▸ **Work task**: From the first line to the last, print the records exactly, leaving out the pictures.

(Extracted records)
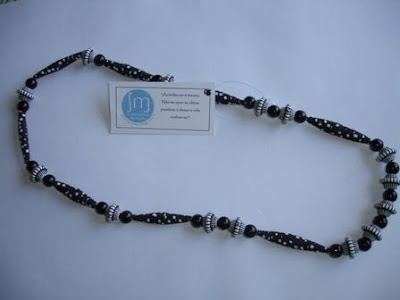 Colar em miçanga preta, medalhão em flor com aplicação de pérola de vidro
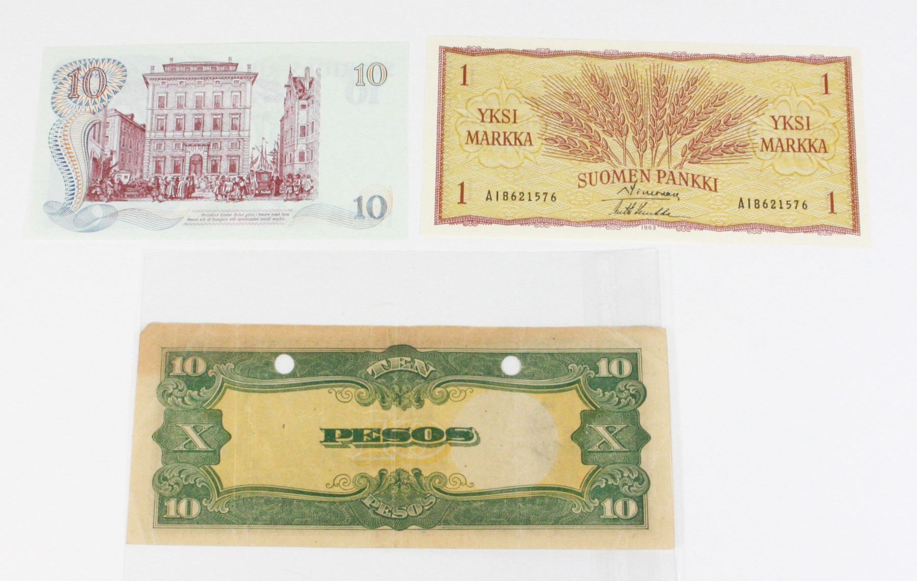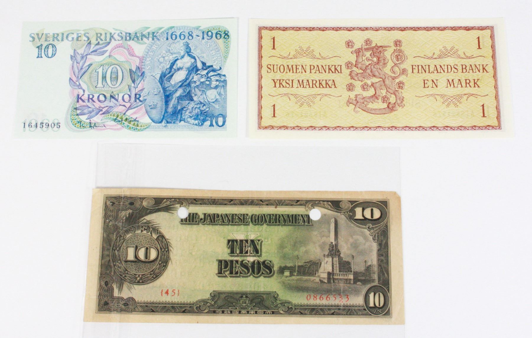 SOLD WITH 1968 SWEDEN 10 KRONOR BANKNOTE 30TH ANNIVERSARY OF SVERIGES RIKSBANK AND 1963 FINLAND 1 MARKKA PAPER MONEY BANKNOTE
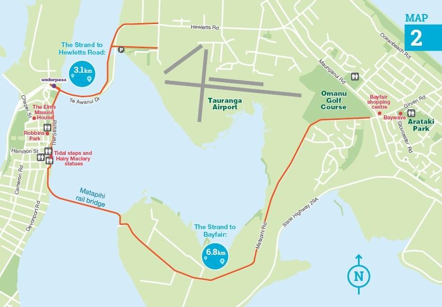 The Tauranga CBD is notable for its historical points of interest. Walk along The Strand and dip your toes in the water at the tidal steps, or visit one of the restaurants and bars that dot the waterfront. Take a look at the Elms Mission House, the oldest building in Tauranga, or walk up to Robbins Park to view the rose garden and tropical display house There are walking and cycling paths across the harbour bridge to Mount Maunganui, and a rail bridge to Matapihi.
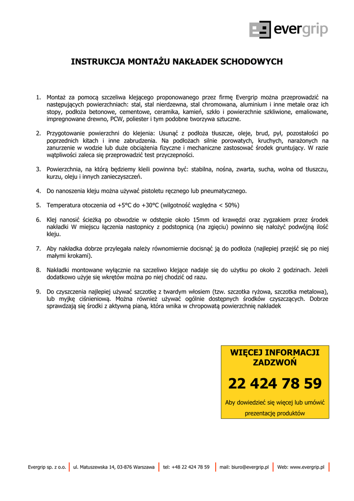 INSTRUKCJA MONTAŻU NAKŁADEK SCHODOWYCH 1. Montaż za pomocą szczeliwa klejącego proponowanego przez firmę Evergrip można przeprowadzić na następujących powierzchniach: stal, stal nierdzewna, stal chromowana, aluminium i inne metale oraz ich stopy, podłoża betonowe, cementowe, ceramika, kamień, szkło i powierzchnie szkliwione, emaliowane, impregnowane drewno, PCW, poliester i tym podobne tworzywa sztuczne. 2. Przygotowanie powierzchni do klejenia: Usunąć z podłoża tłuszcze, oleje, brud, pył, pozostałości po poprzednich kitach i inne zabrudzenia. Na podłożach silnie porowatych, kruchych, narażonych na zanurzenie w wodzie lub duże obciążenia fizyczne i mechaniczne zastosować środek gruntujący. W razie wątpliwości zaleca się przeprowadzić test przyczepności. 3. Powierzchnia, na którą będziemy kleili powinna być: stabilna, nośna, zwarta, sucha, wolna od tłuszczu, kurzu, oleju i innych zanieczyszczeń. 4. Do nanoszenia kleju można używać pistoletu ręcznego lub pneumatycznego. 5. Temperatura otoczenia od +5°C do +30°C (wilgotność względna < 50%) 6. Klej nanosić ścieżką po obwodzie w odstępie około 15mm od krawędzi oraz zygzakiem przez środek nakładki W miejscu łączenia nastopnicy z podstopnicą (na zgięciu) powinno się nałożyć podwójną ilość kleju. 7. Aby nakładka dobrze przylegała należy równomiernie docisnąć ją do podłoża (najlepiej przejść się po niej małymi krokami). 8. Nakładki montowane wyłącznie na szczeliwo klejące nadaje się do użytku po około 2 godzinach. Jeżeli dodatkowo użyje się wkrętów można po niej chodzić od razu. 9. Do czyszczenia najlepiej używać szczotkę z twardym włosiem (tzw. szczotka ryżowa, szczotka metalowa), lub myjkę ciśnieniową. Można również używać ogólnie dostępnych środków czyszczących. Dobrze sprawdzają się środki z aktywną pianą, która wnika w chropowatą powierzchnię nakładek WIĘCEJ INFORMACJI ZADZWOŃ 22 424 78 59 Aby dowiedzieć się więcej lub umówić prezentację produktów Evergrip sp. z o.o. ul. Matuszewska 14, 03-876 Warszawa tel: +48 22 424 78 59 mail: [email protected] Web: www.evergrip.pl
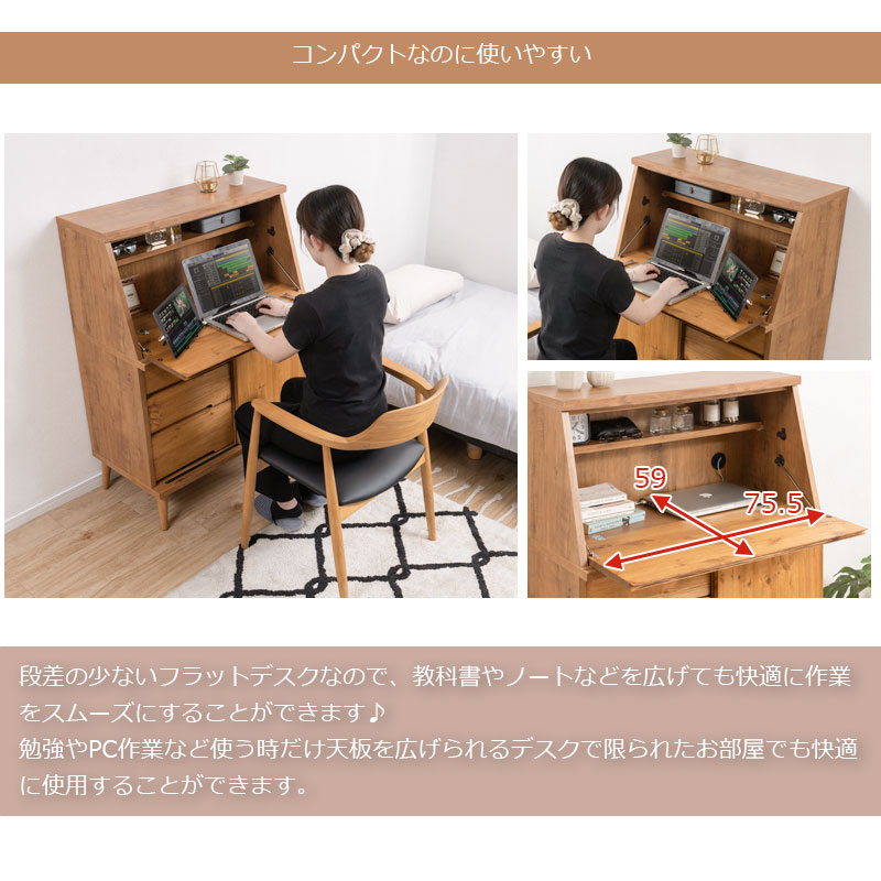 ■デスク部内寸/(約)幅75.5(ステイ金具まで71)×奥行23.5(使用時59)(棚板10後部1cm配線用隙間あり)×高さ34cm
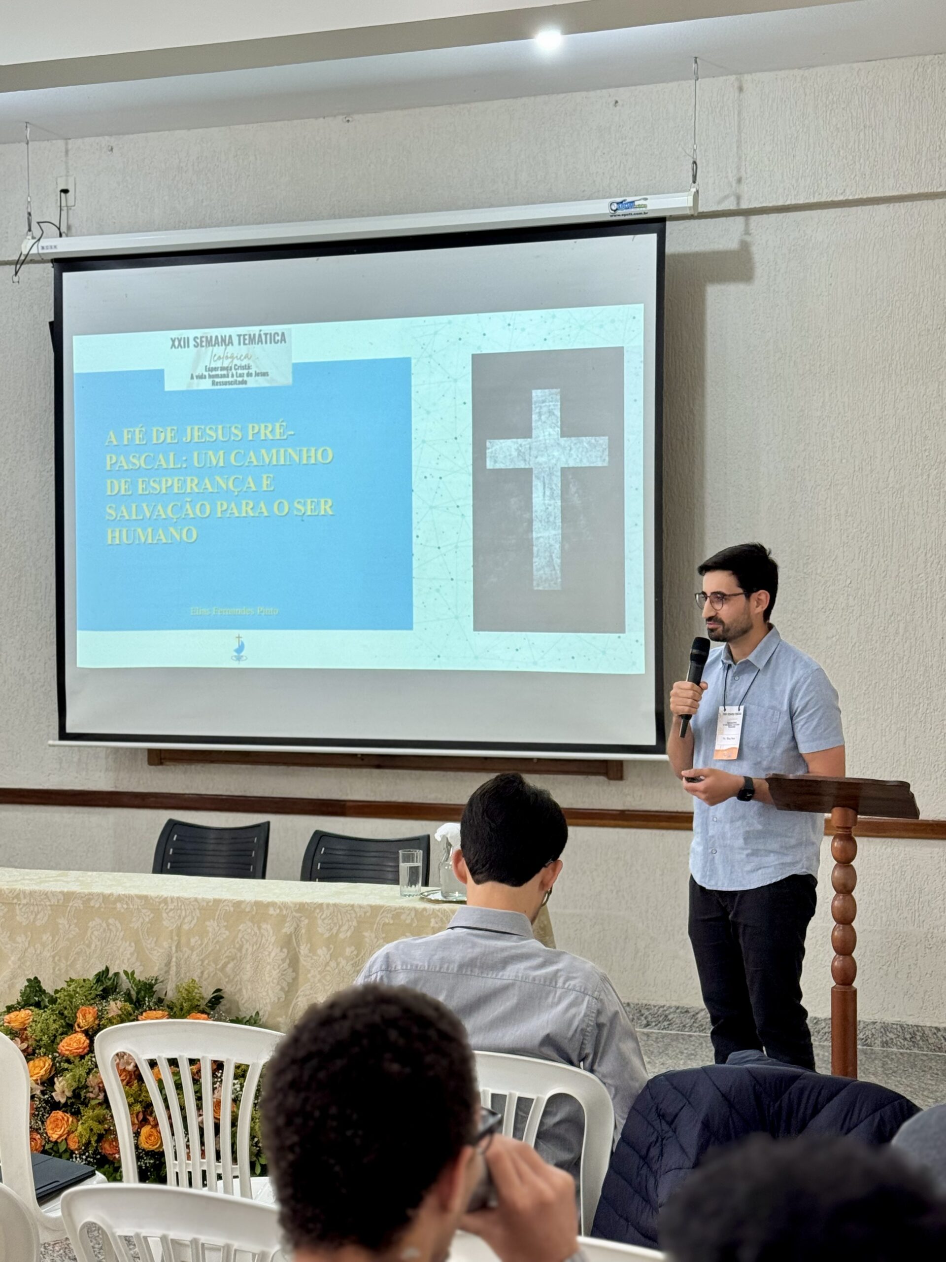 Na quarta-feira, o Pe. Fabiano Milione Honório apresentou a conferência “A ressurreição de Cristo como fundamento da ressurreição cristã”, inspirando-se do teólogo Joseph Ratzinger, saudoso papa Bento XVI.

▸ **Output for this task**:
 Colar em miçanga preta, medalhão em flor com aplicação de pérola de vidro
 SOLD WITH 1968 SWEDEN 10 KRONOR BANKNOTE 30TH ANNIVERSARY OF SVERIGES RIKSBANK AND 1963 FINLAND 1 MARKKA PAPER MONEY BANKNOTE
 The Tauranga CBD is notable for its historical points of interest. Walk along The Strand and dip your toes in the water at the tidal steps, or visit one of the restaurants and bars that dot the waterfront. Take a look at the Elms Mission House, the oldest building in Tauranga, or walk up to Robbins Park to view the rose garden and tropical display house There are walking and cycling paths across the harbour bridge to Mount Maunganui, and a rail bridge to Matapihi.
 INSTRUKCJA MONTAŻU NAKŁADEK SCHODOWYCH 1. Montaż za pomocą szczeliwa klejącego proponowanego przez firmę Evergrip można przeprowadzić na następujących powierzchniach: stal, stal nierdzewna, stal chromowana, aluminium i inne metale oraz ich stopy, podłoża betonowe, cementowe, ceramika, kamień, szkło i powierzchnie szkliwione, emaliowane, impregnowane drewno, PCW, poliester i tym podobne tworzywa sztuczne. 2. Przygotowanie powierzchni do klejenia: Usunąć z podłoża tłuszcze, oleje, brud, pył, pozostałości po poprzednich kitach i inne zabrudzenia. Na podłożach silnie porowatych, kruchych, narażonych na zanurzenie w wodzie lub duże obciążenia fizyczne i mechaniczne zastosować środek gruntujący. W razie wątpliwości zaleca się przeprowadzić test przyczepności. 3. Powierzchnia, na którą będziemy kleili powinna być: stabilna, nośna, zwarta, sucha, wolna od tłuszczu, kurzu, oleju i innych zanieczyszczeń. 4. Do nanoszenia kleju można używać pistoletu ręcznego lub pneumatycznego. 5. Temperatura otoczenia od +5°C do +30°C (wilgotność względna < 50%) 6. Klej nanosić ścieżką po obwodzie w odstępie około 15mm od krawędzi oraz zygzakiem przez środek nakładki W miejscu łączenia nastopnicy z podstopnicą (na zgięciu) powinno się nałożyć podwójną ilość kleju. 7. Aby nakładka dobrze przylegała należy równomiernie docisnąć ją do podłoża (najlepiej przejść się po niej małymi krokami). 8. Nakładki montowane wyłącznie na szczeliwo klejące nadaje się do użytku po około 2 godzinach. Jeżeli dodatkowo użyje się wkrętów można po niej chodzić od razu. 9. Do czyszczenia najlepiej używać szczotkę z twardym włosiem (tzw. szczotka ryżowa, szczotka metalowa), lub myjkę ciśnieniową. Można również używać ogólnie dostępnych środków czyszczących. Dobrze sprawdzają się środki z aktywną pianą, która wnika w chropowatą powierzchnię nakładek WIĘCEJ INFORMACJI ZADZWOŃ 22 424 78 59 Aby dowiedzieć się więcej lub umówić prezentację produktów Evergrip sp. z o.o. ul. Matuszewska 14, 03-876 Warszawa tel: +48 22 424 78 59 mail: [email protected] Web: www.evergrip.pl
 ■デスク部内寸/(約)幅75.5(ステイ金具まで71)×奥行23.5(使用時59)(棚板10後部1cm配線用隙間あり)×高さ34cm
 Na quarta-feira, o Pe. Fabiano Milione Honório apresentou a conferência “A ressurreição de Cristo como fundamento da ressurreição cristã”, inspirando-se do teólogo Joseph Ratzinger, saudoso papa Bento XVI.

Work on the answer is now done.